Description of the task: The material below holds the lines to copy: from the one with "Alles lijkt normaal" up to and including the one with "- Przestronny, jasny". Copy them exactly and skip the pictures.

----- Task input

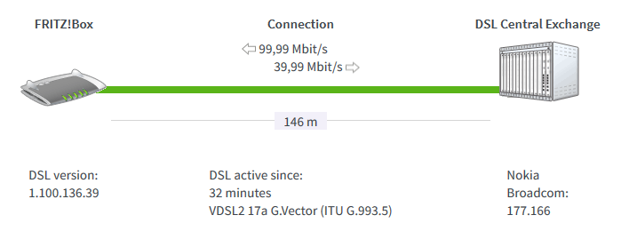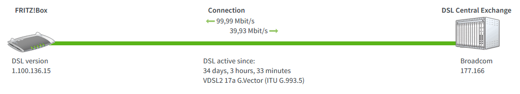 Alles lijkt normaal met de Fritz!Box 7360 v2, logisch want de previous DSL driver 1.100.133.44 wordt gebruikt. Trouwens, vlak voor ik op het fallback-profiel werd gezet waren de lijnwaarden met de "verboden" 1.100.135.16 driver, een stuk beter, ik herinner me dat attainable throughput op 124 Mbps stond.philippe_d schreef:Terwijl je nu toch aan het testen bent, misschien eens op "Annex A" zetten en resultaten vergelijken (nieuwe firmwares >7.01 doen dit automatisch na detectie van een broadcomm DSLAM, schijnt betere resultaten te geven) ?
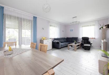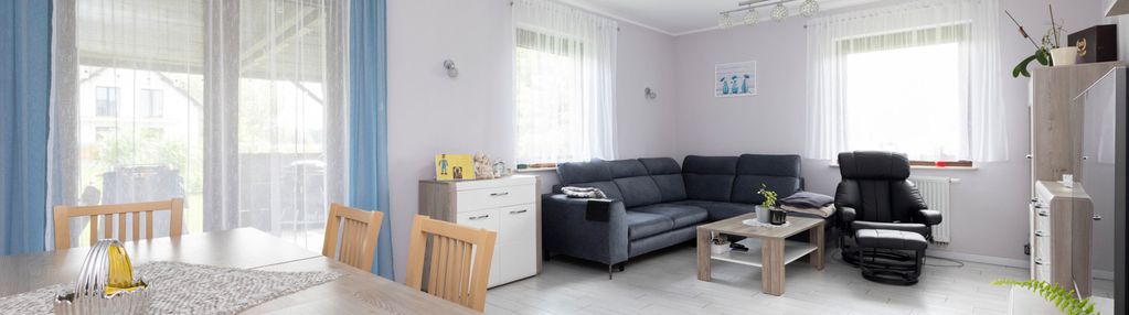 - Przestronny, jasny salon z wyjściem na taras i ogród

----------
----- Task input

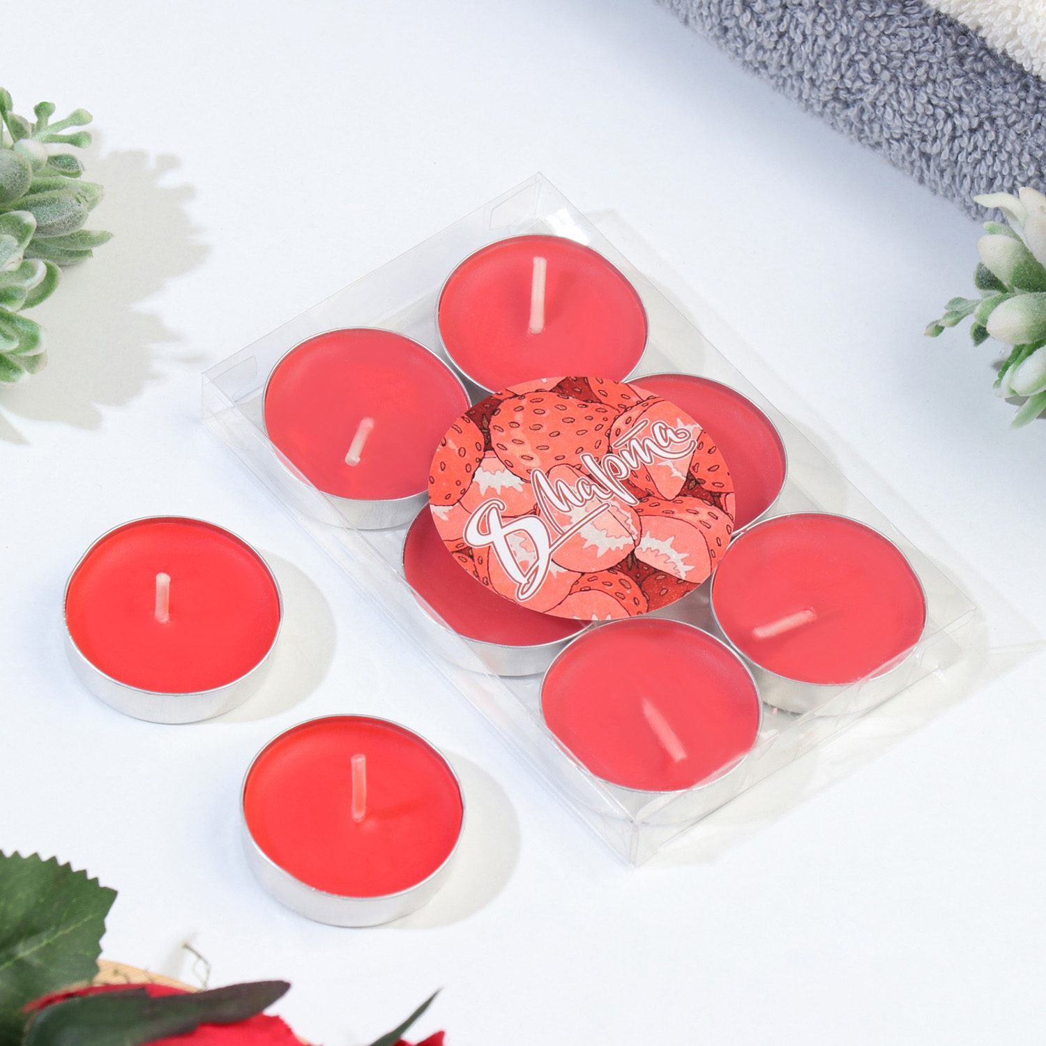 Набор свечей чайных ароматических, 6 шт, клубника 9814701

----------
----- Task input

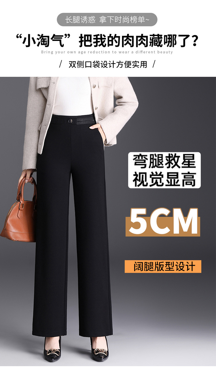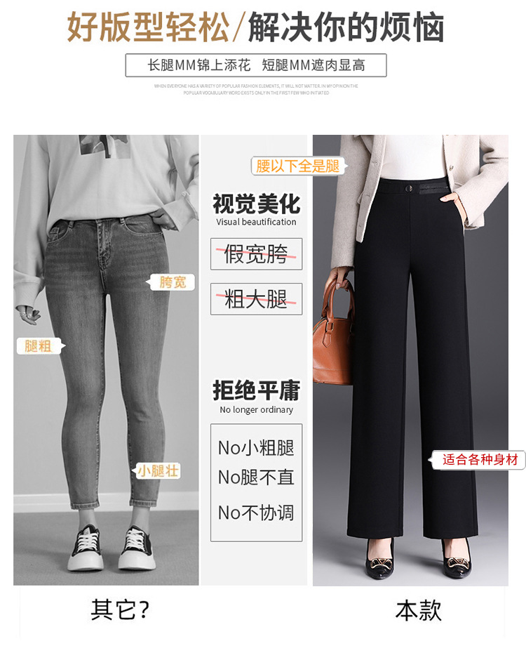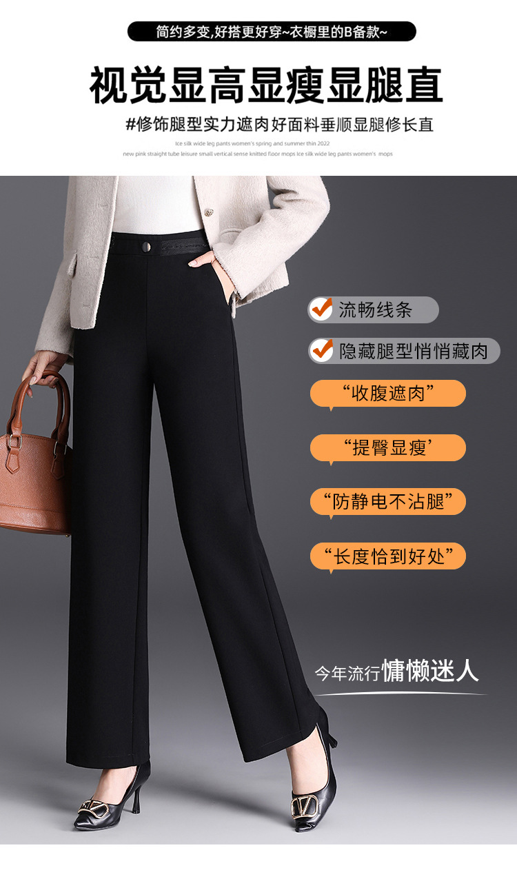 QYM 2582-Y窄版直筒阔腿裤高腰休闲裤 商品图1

----------

Solution to this exercise:
 Alles lijkt normaal met de Fritz!Box 7360 v2, logisch want de previous DSL driver 1.100.133.44 wordt gebruikt. Trouwens, vlak voor ik op het fallback-profiel werd gezet waren de lijnwaarden met de "verboden" 1.100.135.16 driver, een stuk beter, ik herinner me dat attainable throughput op 124 Mbps stond.philippe_d schreef:Terwijl je nu toch aan het testen bent, misschien eens op "Annex A" zetten en resultaten vergelijken (nieuwe firmwares >7.01 doen dit automatisch na detectie van een broadcomm DSLAM, schijnt betere resultaten te geven) ?
 - Przestronny, jasny salon z wyjściem na taras i ogród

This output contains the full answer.